Here are the results of the prediction:
Image | Prediction |
---|---|
Wild animals crossing | Stop |
Road work | Road work |
Children crossing | Children crossing |
Speed limit (30km/h) | Speed limit (30km/h) |
Stop | Stop |
The accuracy on new images is 80% as compared to 93.4% on test set. This is basically because it failed to classify the Wild animal crossing sign (1/5). There were two reasons for that:
- I used a different animal sign than the training set. I found it from web with a bull instead of a deer.
- The image was tilted a lot and I did not train on that much rotation.
However even when we look at the top 5 softmax probabilities of the misclassified sign below, the correct sign does not appear: which seems to be an issue because the correct prediction should have higher probability than Stop sign or Priority road. Also the top prediction it makes is that of a Stop sign with 87% probability which does not resemble the original sign even in shape (its an octagone instead of triangle). In all the other images, it does not make any prediction that differs in shape from the original picture even in image 5 (stop sign) which is slightly tilted.

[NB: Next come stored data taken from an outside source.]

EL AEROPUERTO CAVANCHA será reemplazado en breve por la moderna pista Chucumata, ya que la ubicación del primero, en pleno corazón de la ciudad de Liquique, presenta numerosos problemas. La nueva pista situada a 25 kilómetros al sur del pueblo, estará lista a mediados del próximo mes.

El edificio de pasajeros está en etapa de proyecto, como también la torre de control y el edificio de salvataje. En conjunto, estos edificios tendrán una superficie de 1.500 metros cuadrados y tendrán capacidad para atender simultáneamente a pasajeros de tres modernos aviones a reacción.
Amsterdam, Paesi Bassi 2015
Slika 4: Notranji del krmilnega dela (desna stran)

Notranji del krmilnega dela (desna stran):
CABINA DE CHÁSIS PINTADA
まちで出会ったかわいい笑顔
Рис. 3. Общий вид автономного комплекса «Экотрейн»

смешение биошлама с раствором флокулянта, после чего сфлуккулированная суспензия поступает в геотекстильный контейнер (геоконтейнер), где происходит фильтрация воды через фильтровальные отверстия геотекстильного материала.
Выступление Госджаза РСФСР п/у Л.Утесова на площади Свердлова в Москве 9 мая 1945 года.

My guess is that the training was sensitive to large variations in shape and since the triangular shape was tilted a lot, so the model could not even predict the shape correctly.

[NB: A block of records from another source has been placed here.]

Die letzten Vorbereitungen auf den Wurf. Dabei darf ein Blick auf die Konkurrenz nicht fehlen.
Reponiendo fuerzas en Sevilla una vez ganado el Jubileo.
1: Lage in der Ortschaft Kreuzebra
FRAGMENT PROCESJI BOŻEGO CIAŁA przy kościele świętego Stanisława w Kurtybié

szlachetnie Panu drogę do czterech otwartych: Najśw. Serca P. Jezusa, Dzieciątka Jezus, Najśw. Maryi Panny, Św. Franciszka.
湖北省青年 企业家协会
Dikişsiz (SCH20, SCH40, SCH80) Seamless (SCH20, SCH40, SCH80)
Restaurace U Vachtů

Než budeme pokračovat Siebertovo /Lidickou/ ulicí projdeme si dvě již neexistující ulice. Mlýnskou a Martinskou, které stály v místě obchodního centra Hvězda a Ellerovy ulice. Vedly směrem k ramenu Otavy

3. Describe how certain the model is when predicting on each of the five new images by looking at the softmax probabilities for each prediction. Provide the top 5 softmax probabilities for each image along with the sign type of each probability. (OPTIONAL: as described in the “Stand Out Suggestions” part of the rubric, visualizations can also be provided such as bar charts)

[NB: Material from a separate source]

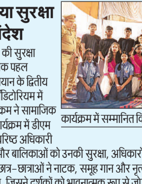
कार्यक्रम में सम्मानित किए गए बच्चे, मौजूद डीएम-एसपी व अन्य।
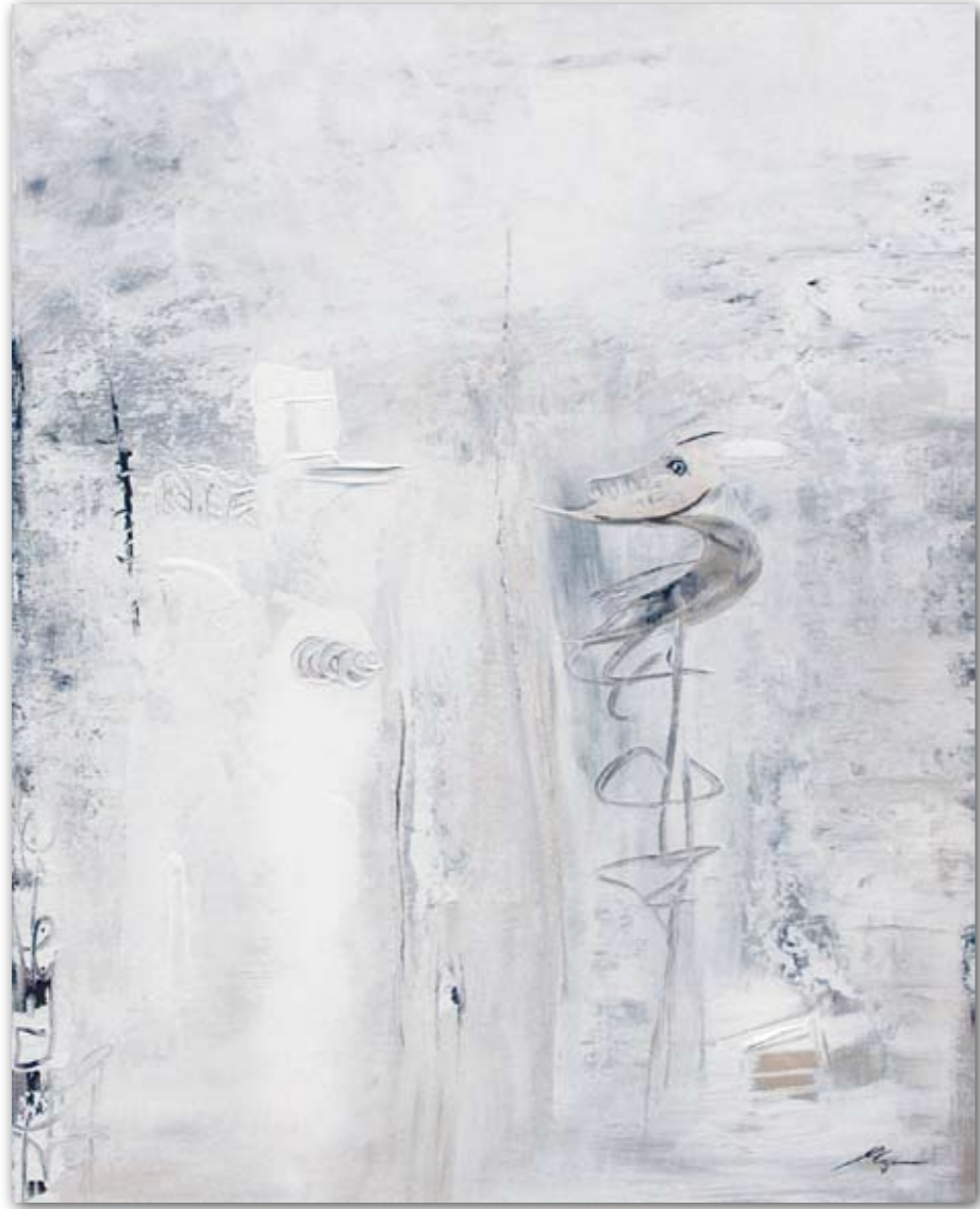
Skulptur 80cmx100cm Acryl · 2007

The code for making predictions on my final model is located in the 11th cell of the Ipython notebook.
For the first image, the model is not sure that this is a wild animal sign. It predicts a Stop sign.
Probability | Prediction |
---|---|
.87 | Stop |
.10 | Bicycles crossing |
.01 | Priority Road |
.01 | Children crossing |
.01 | Dangerous curve to the right |
For the second image, the model is relatively sure that this is a Road work sign (probability of 1), and the image does contain a Road work sign. The top five soft max probabilities were
Probability | Prediction |
---|---|
1.0 | Road work |
.00 | Double curve |
.00 | Wild animals crossing |
.00 | Traffic signals |
.00 | Bicycles crossing |
For the third image, the model is relatively sure that this is a Children crossing sign (probability of 1), and the image does contain a Children crossing sign. The top five soft max probabilities were
Probability | Prediction |
---|---|
1.0 | Children crossing |
.00 | Slippery Road |
.00 | Bicycles crossing |
.00 | Road narrows to the right |
.00 | Dangerous curve to the right |
For the fourth image, the model is relatively sure that this is a Speed limit (30km/h) (probability of 1), and the image does contain a Speed limit (30km/h) sign. The top five soft max probabilities were (notice that all are speed limit signs)
Probability | Prediction |
---|---|
1.0 | Speed limit (30km/h) |
.00 | Speed limit (50km/h) |
.00 | Speed limit (70km/h) |
.00 | Speed limit (60km/h) |
.00 | Speed limit (80km/h) |
For the fifth image, the model is relatively sure that this is a Stop (probability of 1), and the image does contain a Stop sign. The top five soft max probabilities were
Probability | Prediction |
---|---|
1.0 | Stop |
.00 | Speed limit (80km/h) |
.00 | No vehicles |
.00 | No entry |
.00 | Speed limit (30km/h) |
Step 4: Visualize the Neural Network’s State with Test Images
Here is the feature map output of the first convolutional layer for the first three images in my test set.
(Optional) Visualizing the Neural Network
1. Discuss the visual output of your trained network’s feature maps. What characteristics did the neural network use to make classifications?
The images above show the first layer of the network which shows the edges of the signs. I could not visualize the deeper layers of the network so could not understand more advanced features.